Extracted data —
----------
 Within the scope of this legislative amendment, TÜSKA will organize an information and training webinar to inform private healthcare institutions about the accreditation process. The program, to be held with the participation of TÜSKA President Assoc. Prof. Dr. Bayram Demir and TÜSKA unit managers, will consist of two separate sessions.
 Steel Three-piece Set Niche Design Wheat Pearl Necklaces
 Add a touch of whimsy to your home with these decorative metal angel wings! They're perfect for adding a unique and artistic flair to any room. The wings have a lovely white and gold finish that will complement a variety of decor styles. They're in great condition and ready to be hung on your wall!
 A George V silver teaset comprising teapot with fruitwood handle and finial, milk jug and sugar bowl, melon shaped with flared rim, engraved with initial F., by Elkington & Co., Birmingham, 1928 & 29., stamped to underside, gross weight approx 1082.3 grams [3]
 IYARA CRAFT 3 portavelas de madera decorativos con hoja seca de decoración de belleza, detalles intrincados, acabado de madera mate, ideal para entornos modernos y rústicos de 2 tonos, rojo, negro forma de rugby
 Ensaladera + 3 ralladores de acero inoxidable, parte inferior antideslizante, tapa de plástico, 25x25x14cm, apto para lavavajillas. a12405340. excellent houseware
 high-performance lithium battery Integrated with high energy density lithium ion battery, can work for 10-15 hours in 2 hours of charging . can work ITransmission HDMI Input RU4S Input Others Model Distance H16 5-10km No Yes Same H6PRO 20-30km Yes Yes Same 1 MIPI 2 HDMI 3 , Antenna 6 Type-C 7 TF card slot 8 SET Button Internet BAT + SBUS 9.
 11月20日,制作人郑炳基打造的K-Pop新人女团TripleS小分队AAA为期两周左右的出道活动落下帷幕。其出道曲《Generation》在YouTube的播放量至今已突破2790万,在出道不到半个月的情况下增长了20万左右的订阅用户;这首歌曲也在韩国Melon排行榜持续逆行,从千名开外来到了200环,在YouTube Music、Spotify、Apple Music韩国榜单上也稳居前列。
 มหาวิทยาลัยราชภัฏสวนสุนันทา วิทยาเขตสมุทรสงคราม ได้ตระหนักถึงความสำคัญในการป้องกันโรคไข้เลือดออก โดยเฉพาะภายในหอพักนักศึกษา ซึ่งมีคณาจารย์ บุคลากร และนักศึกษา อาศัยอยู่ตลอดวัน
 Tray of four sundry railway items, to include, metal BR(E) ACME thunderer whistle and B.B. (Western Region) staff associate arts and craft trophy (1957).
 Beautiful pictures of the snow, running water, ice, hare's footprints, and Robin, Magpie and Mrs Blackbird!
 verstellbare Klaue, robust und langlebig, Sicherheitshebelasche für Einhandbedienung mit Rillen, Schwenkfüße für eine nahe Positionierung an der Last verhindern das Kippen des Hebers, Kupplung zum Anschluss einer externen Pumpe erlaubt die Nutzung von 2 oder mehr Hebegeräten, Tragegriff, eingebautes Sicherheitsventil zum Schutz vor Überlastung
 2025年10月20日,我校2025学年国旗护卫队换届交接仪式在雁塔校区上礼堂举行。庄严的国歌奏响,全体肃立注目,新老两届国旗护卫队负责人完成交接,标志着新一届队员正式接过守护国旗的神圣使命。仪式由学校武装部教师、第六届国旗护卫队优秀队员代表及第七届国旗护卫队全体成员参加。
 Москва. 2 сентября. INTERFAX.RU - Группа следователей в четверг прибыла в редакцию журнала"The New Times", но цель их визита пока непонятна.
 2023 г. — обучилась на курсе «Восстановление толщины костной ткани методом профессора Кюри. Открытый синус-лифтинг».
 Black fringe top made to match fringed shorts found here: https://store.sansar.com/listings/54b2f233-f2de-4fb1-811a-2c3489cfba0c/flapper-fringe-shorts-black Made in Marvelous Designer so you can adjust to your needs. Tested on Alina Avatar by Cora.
----------
Work to be completed — Check each line above for the word "metal". Then state how many lines contain it, and nothing more.

Your solution — 2